Paz Mental, experiencia con el yoga

Javier López/ Fruto de una larga baja laboral de casi nueve meses de la que se puede decir que ya me he recuperado, tomo un primer contacto con el yoga a través del centro cultural de mi barrio, a mediados de enero, dos veces en semana, al módico precio de 38,90 euros el trimestre y una primera y única cuota de matrícula de 6.60 euros.

La profesora, el grupo que me tocó, casi todas chicas, sólo dos hombres y el ambiente que se generaba en las clases me animó a enamorarme poco a poco de esta práctica tan sana para la mente y el cuerpo que espero no abandonar nunca.
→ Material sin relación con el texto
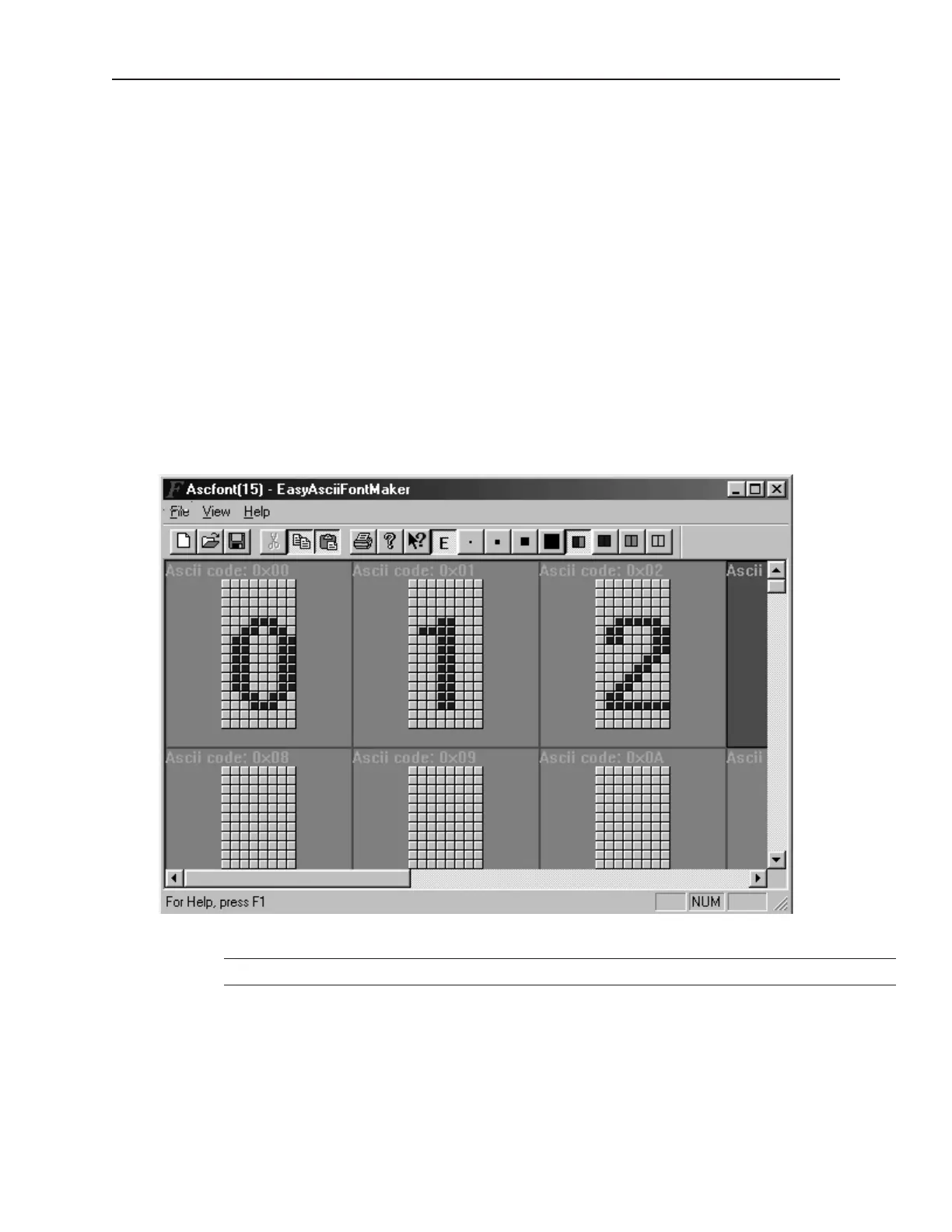 The fol low ing il lus tra tion shows the ASCIIFontMaker ap pli ca tion screen with the ASCFONT.16 file opened:
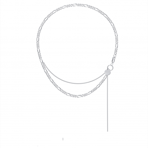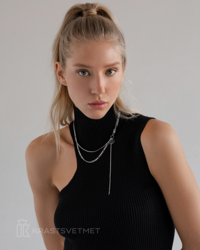Ассиметричное колье с основой из фигаро 3+1 (d 01,2 мм) и гурметы (d 0,5) cо спадающим полотном из гурметы (d 0,5мм) выполнено из серебра 925 пробы
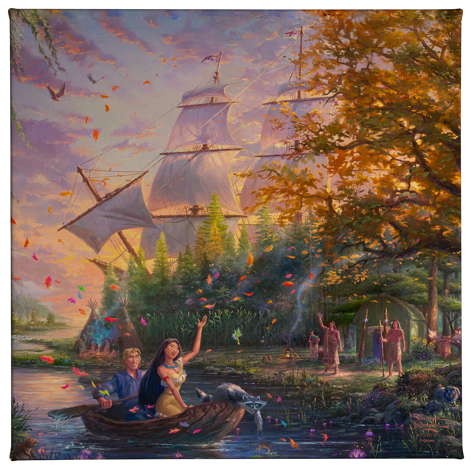 As the evening sun retreats beyond the ship, Susan Constant, and the horizon, a new love is forming between two distant worlds. The artists at Thomas Kinkade Studios have brilliantly captured one of Disney’s most successful box office hits in one scene entitled, “Pocahontas - Colors of Love.”
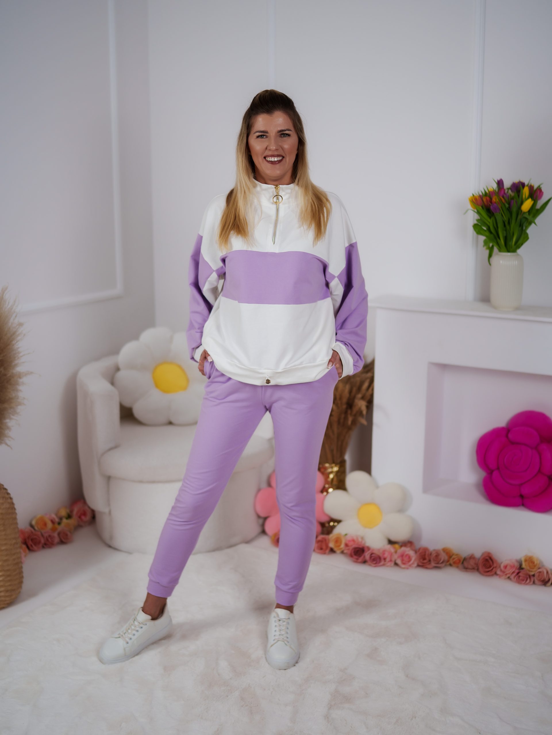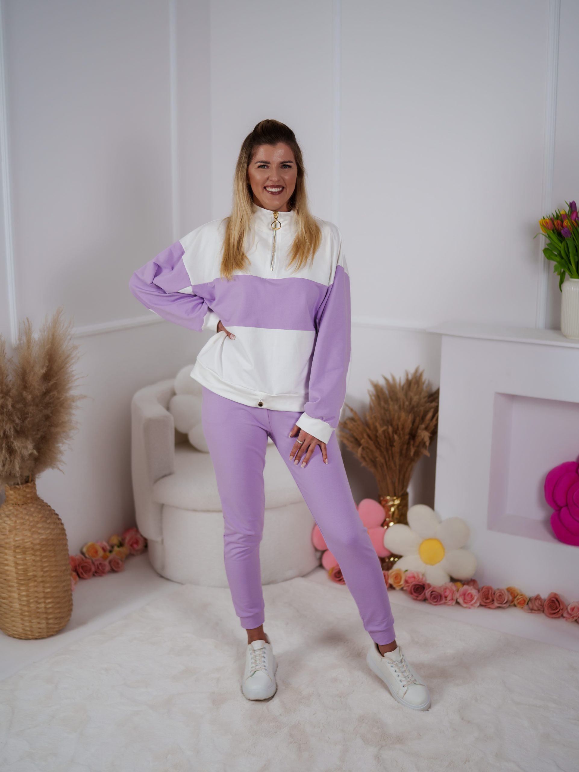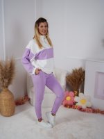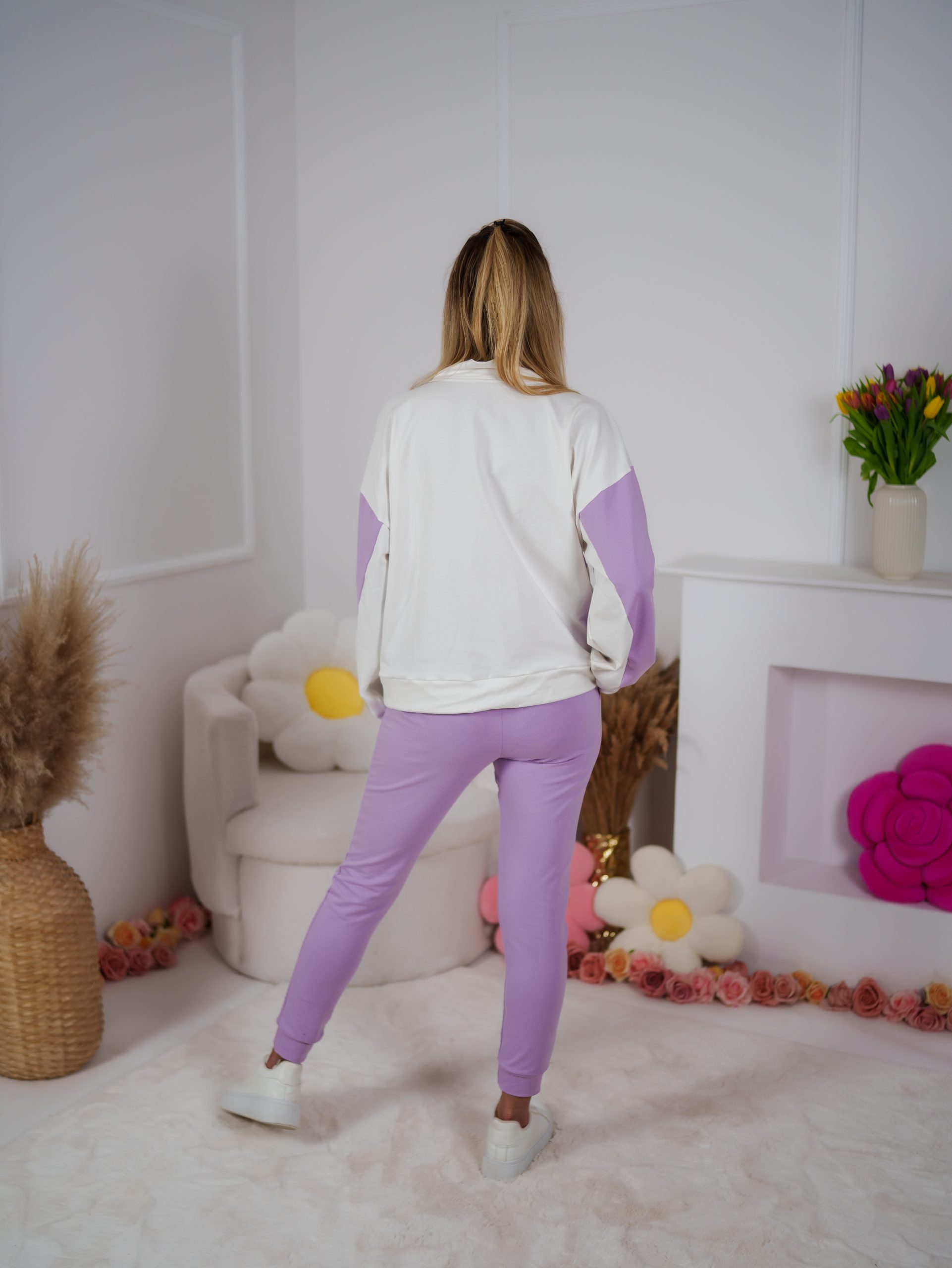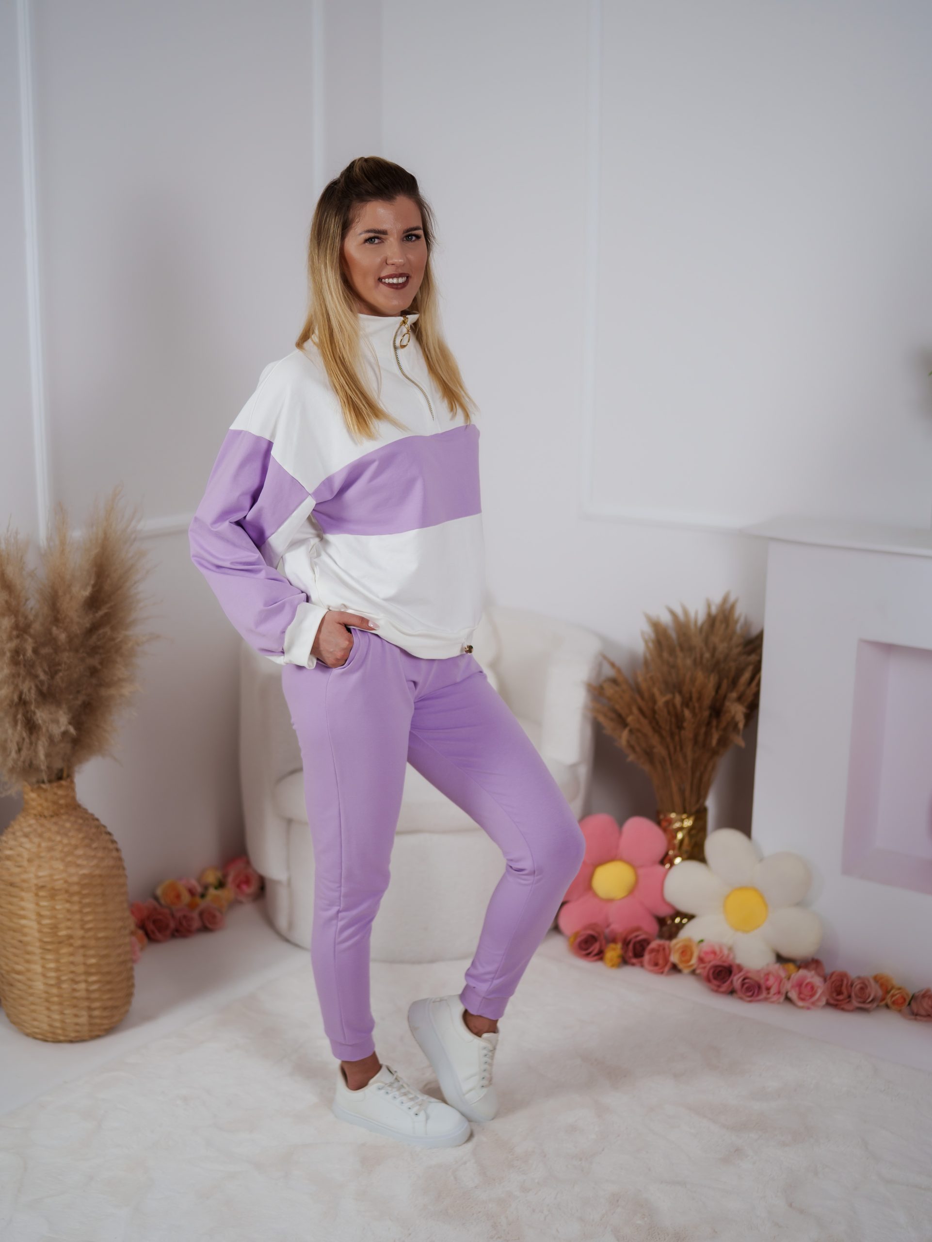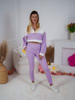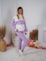 Dzianinowy komplet dresowy Color Block bluza Multiway 2w1 ze stójką i dopasowane spodnie ecru-liliowy

Llegando al final del curso me enteré de que habría una pausa larga desde finales de junio hasta el primer día hábil de octubre en que se suspendían las clases por el verano; justo cuando yo le estaba agarrando el gustillo y veía en mí ciertos avances en cuanto a la mejora de la flexibilidad.

Pero la suerte vino a visitarme cuando por un amigo de discoteca, Álvaro, me enteré que había un grupo al que él pertenecía llamado BU.HO. (budistas homosexuales, que por cierto a nadie le preguntan su orientación sexual a la hora de practicar yoga y meditación, aceptándole entre ellos/as como uno más) que cada quince días se reunían y se reúnen, para todos los que lean esto y estén interesados entre las 19 y las 22 horas en el centro Mandala sito en C/Cabeza, 15, Madrid (Metro Tirso de Molina); yo, como soy curioso, me acerqué una tarde de sábado con dicho amigo y me encantó tanto que, hasta ahora, sigo con ellos (en los meses de julio y agosto las actividades se han realizado al aire libre en el incomparable marco del Parque del Retiro, pero en septiembre se vuelve al Centro Mandala).

La verdad es que este centro Mandala, que alquila sus salas para otras actividades y asociaciones, es bastante cómodo, acogedor, se respira un aire especial de calma, a pesar del ruido que pueda haber en las calles que lo rodean (siendo tan bullicioso y marchoso el barrio donde se encuentra) y aunque el lugar es pequeño o lo volvemos aquellos que lo disfrutamos, en ningún momento nos sentimos incómodos en sus instalaciones que ya se han quedado insuficientes para todos los que acudimos allí, hay que aportar una cuota mínima de tres euros por sesión (una insignificancia).

La actividad a desarrollar se vertebra en tres partes:

  • Yoga; impartida por Antonio, un profesor excepcional que ama su trabajo y que lleva muchos años impartiendo clases, actualmente en dos centros culturales de dos distritos madrileños a parte de colaborar con BU.HO., la clase que consta de una hora comienza con una leve relajación que será más larga al final y el grueso de la actividad la ocupan ejercicios que tratan de fortalezer y flexibilizar nuestros músculos para que nuestro cuerpo no sufra tanto en la vida diaria y se mantenga vital y vigoroso en lo posible.
  • Meditación; impartida por Chema Muela, un ser entrañable y encantador que lleva 16 años dedicado en cuerpo y alma a la Meditación Vipassana, más difícil de explicar para un neófito como yo, pero diré, aún a riesgo de no ser exacto, que la podíamos definir como el conjunto de técnicas y herramientas para traer claridad a la mente y paz interior a través de lo que llamamos la atención plena de nuestra mente en un solo punto (abdomen, respiración, fosas nasales…) para erradicar el sufrimiento y traer calma, armonía y felicidad a nuestras vidas.
  • Presentación y comentario sobre sesión de meditación (tercera y última parte) y también dirigida por Chema, pero tras la presentación de cada uno de los asistentes es un debate abierto sobre lo que se ha visto en la actividad de esa noche o cualquier tema que los asistentes quieran formular.

Bien es verdad que la meditación se puede hacer tediosa porque salvo algún comentario de Chema para guiar la práctica y una breve lectura relacionada con el tema se pasa prácticamente uno casi una hora en silencio y eso es algo a lo que no estamos acostumbrados.

Pero yo recomiendo a todo el mundo que sienta la misma inquietud y curiosidad que sentí yo a acercarse al yoga y a la meditación, sin miedo porque les gratificaran mucho sin duda.